President Fonseca praised the “spirit of cooperation which we enjoy with this university which only gets better and better.”

He said he had come to America to attend last week’s US-Africa Leaders Summit, where President Obama hosted the heads of African states and their delegations in the US Capital.

“I made sure that my visit to your country included the chance to come to New England to meet with the many people in this region who have connections with Cape Verde, and that of course meant coming to Bridgewater, where we have such a good number of friends and partners,” he said.

A former university professor and college president himself, President Fonseca said his connections to Bridgewater “are very important to me personally as well as in my capacity as president.” Higher education is “vitally important” to the development of Cape Verde, he said, “and for our population of a little over 500,000, we have, for the first time in our nation’s history, more people studying in Cape Verde than are studying outside.”

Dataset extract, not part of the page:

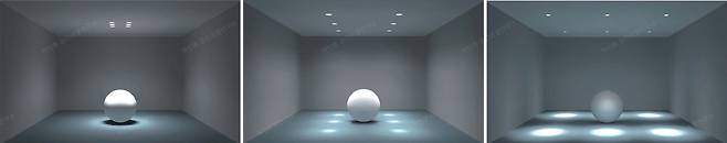 같은 크기의 공간에 같은 조명기구 6개가 설치했지만 각 광원의 밀집도에 따라 공간 가운데 놓인 오브제의 존재감은 전혀 다른 것을 볼 수 있다. 조명의 밀집도를 조절하는 것만으로 왼쪽의 그림처럼 대상의 입체감을 더욱 강하게 돋보이게 할 수도 있고 반대로 부드럽게 인식하도록 할 수도 있으며 오른쪽 그림처럼 마치 사라진 것처럼 그 존재감을 거의 느껴지지 않도록 할 수도 있다.

President Fonseca added that more needs to be done in the area of higher education. “We have to have a greater number of our university teachers earning advanced degrees, specifically master’s and doctoral degrees, and we have to encourage more active research and scholarship on their part,” he said.

He said he hopes to continue working closely with BSU to “further develop, strengthen and widen the networks which have been established over the past years between our republic and this university” because “these connections have already been so fruitful and productive for all of us.” 

Among other dignitaries in attendance were José Luis Rocha, ambassador of the Republic of Cabo Verde to the United States, and Pedro Graciano Gomes de Carvalho,  the current consul general of the island nation in Boston. 

Photo caption: Jorge Carlos Fonseca, president of the Republic Cabo Verde, and First Lady Lígia Fonseca, (second and third from right) join with BSU President Dr. Dana Mohler-Faria at  the reception. At far left is Pedro Graciano Gomes de Carvalho,  current Consul General of Cape Verde in Boston; Ambassador of the Republic of Cabo Verde to the U.S. José Luis Rocha; and Dr. Joao Rosa, executive director of the Pedro Pires Institute for Cape Verdean Studies at Bridgewater. (Story and photo by David K. Wilson, ’71, University News)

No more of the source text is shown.